**Exercise brief**
Copy all the entries below exactly, but not the pictures.

**The records**
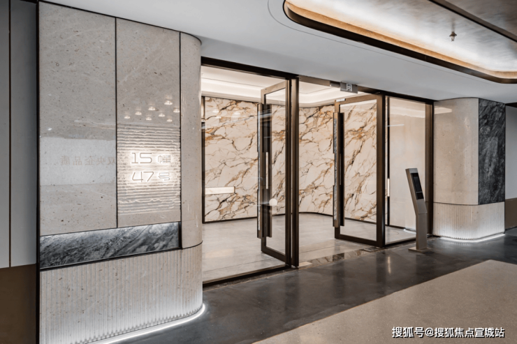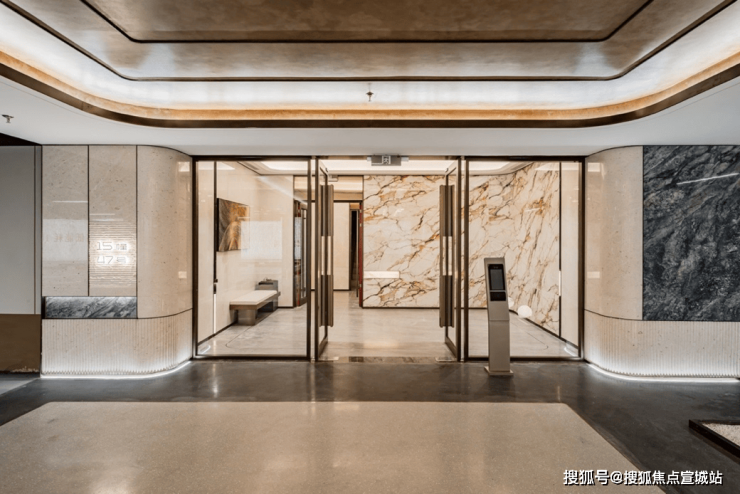 融入星光顶&星光灯带交融设计的标准,运用美术馆级的米黄色石材搭配古铜色铝板,并臻选有“奢石之王”美誉之称的奢石背景墙。
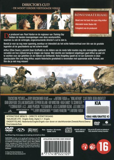De producent van Pearl Harbor en de regisseur van Training Day hebben de handen ineengeslagen voor deze avonturenfilm, waarvan nu ook de verlengde, ongecensureerde director's cut te zien is.Bereid je voor op nog meer spanning, avontuur en intensiteit als het echte heldenverhaal over één van de grootste legenden uit de geschiedenis op het scherm knalt!Arthur (Clive Owen), Lancelot (Ioan Gruffudd) en de ridders van de ronde tafel moeten nog één onmogelijke opdracht vervullen om hun vrijheid terug te krijgen van Caesar. Met slechts een handjevol volgelingen gaat Arthur op pad om te vechten voor zijn geliefden en de vrijheid van Brittannië. Keira Knightley speelt de rol van Guinevère in deze spectaculaire film over King Arthur, waarin historische grootsheid is versmolten met spannende actie. Kortom, een film die je niet mag missen!
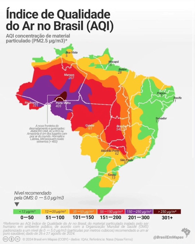 A qualidade do ar em 15 de agosto de 2024 em Porto Velho atingiu pico de 442 μg/m³ (micrograma por metro cúbico) de MP2.5 (partículas inaláveis finas). O índice ultrapassou assustadoramente o parâmetro aceitável entre 25 – 60 μg/m³ de MP2.5 estabelecido pela Resolução Conama 491. Atualmente, a capital de Rondônia está no epicentro do manto de poluição atmosférica extrema, elevando o município ao pior índice de qualidade do ar do planeta.
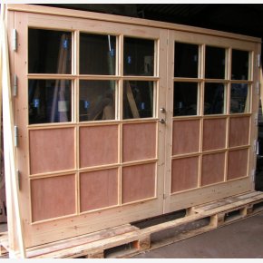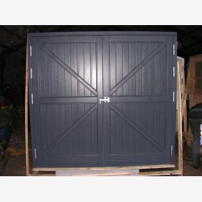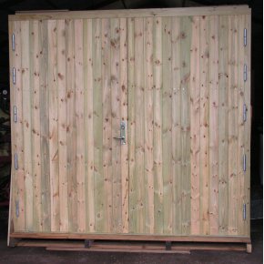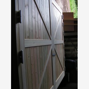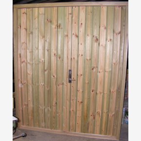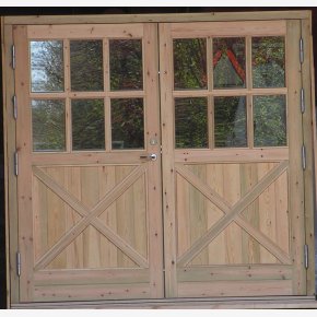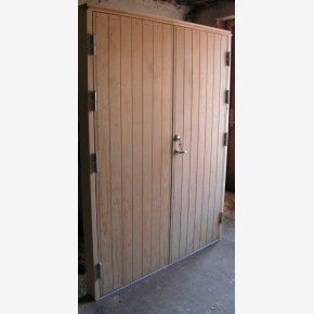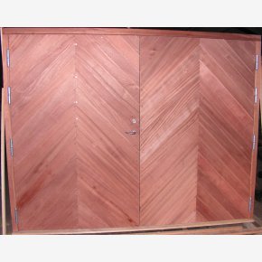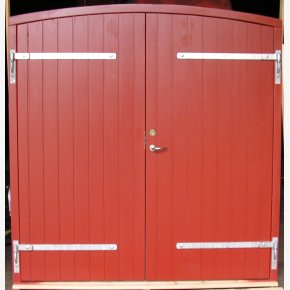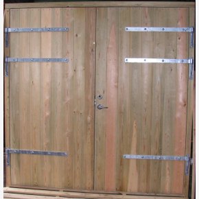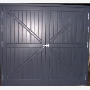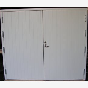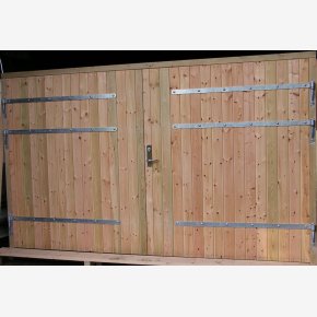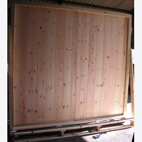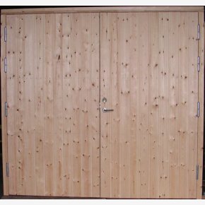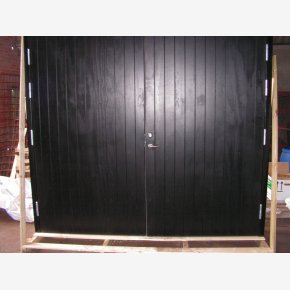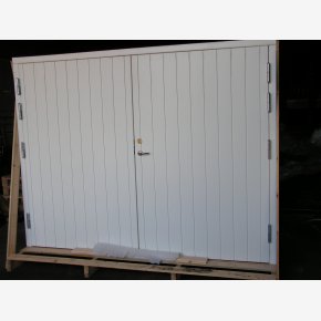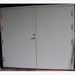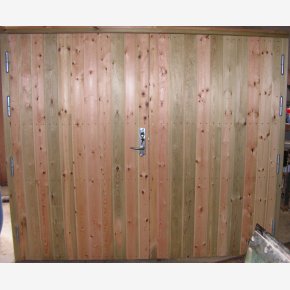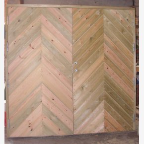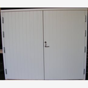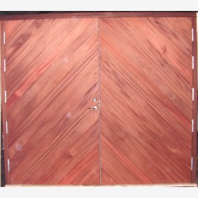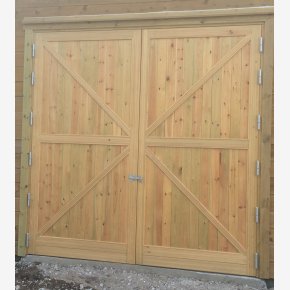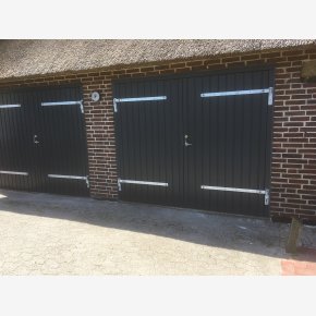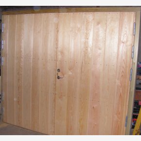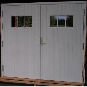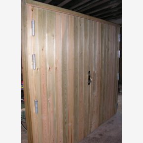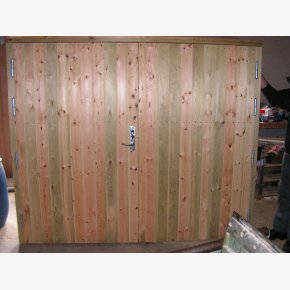 Fremstilling af solide sidehængte Garage porte i udførsel, træsort, størrelse & stil. efter ønske, med match til ejendommens øvrige døre og porte.
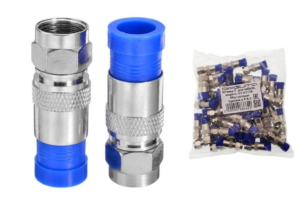 Переходник для ТВ кабеля Орбита OT-AVT18 штекер F компрессионный-обжимной (RG-6) (УПАКОВКА 50ШТ)
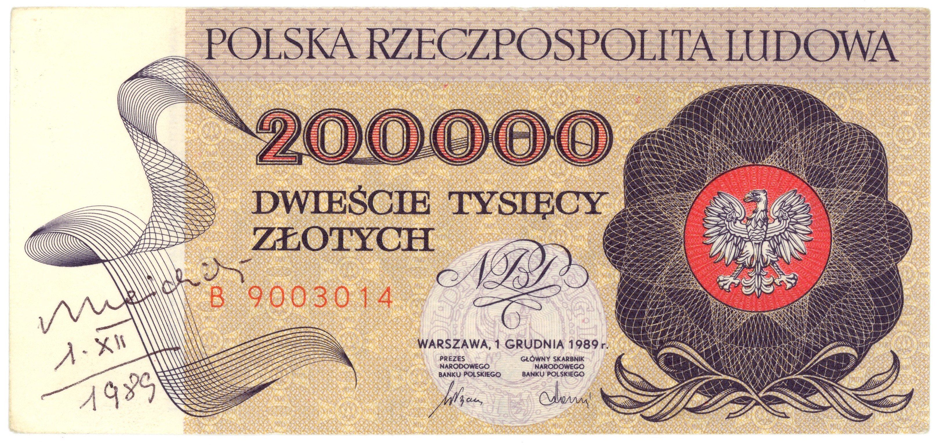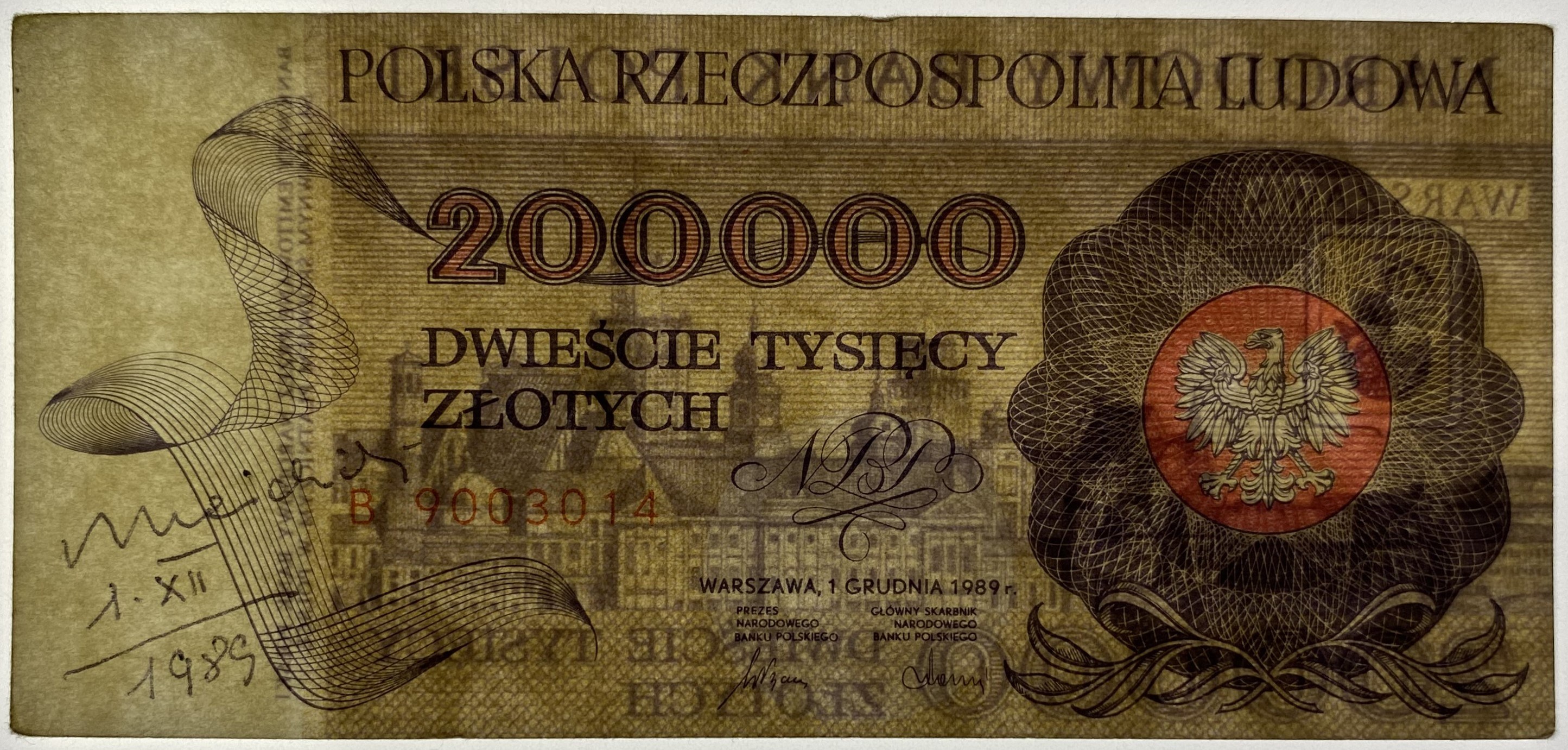 Banknot z autografem i datą projektanta Andrzeja Heidrich: Heidrich 1.XII.1989

**Result**
 融入星光顶&星光灯带交融设计的标准,运用美术馆级的米黄色石材搭配古铜色铝板,并臻选有“奢石之王”美誉之称的奢石背景墙。
De producent van Pearl Harbor en de regisseur van Training Day hebben de handen ineengeslagen voor deze avonturenfilm, waarvan nu ook de verlengde, ongecensureerde director's cut te zien is.Bereid je voor op nog meer spanning, avontuur en intensiteit als het echte heldenverhaal over één van de grootste legenden uit de geschiedenis op het scherm knalt!Arthur (Clive Owen), Lancelot (Ioan Gruffudd) en de ridders van de ronde tafel moeten nog één onmogelijke opdracht vervullen om hun vrijheid terug te krijgen van Caesar. Met slechts een handjevol volgelingen gaat Arthur op pad om te vechten voor zijn geliefden en de vrijheid van Brittannië. Keira Knightley speelt de rol van Guinevère in deze spectaculaire film over King Arthur, waarin historische grootsheid is versmolten met spannende actie. Kortom, een film die je niet mag missen!
 A qualidade do ar em 15 de agosto de 2024 em Porto Velho atingiu pico de 442 μg/m³ (micrograma por metro cúbico) de MP2.5 (partículas inaláveis finas). O índice ultrapassou assustadoramente o parâmetro aceitável entre 25 – 60 μg/m³ de MP2.5 estabelecido pela Resolução Conama 491. Atualmente, a capital de Rondônia está no epicentro do manto de poluição atmosférica extrema, elevando o município ao pior índice de qualidade do ar do planeta.
 Fremstilling af solide sidehængte Garage porte i udførsel, træsort, størrelse & stil. efter ønske, med match til ejendommens øvrige døre og porte.
 Переходник для ТВ кабеля Орбита OT-AVT18 штекер F компрессионный-обжимной (RG-6) (УПАКОВКА 50ШТ)
 Banknot z autografem i datą projektanta Andrzeja Heidrich: Heidrich 1.XII.1989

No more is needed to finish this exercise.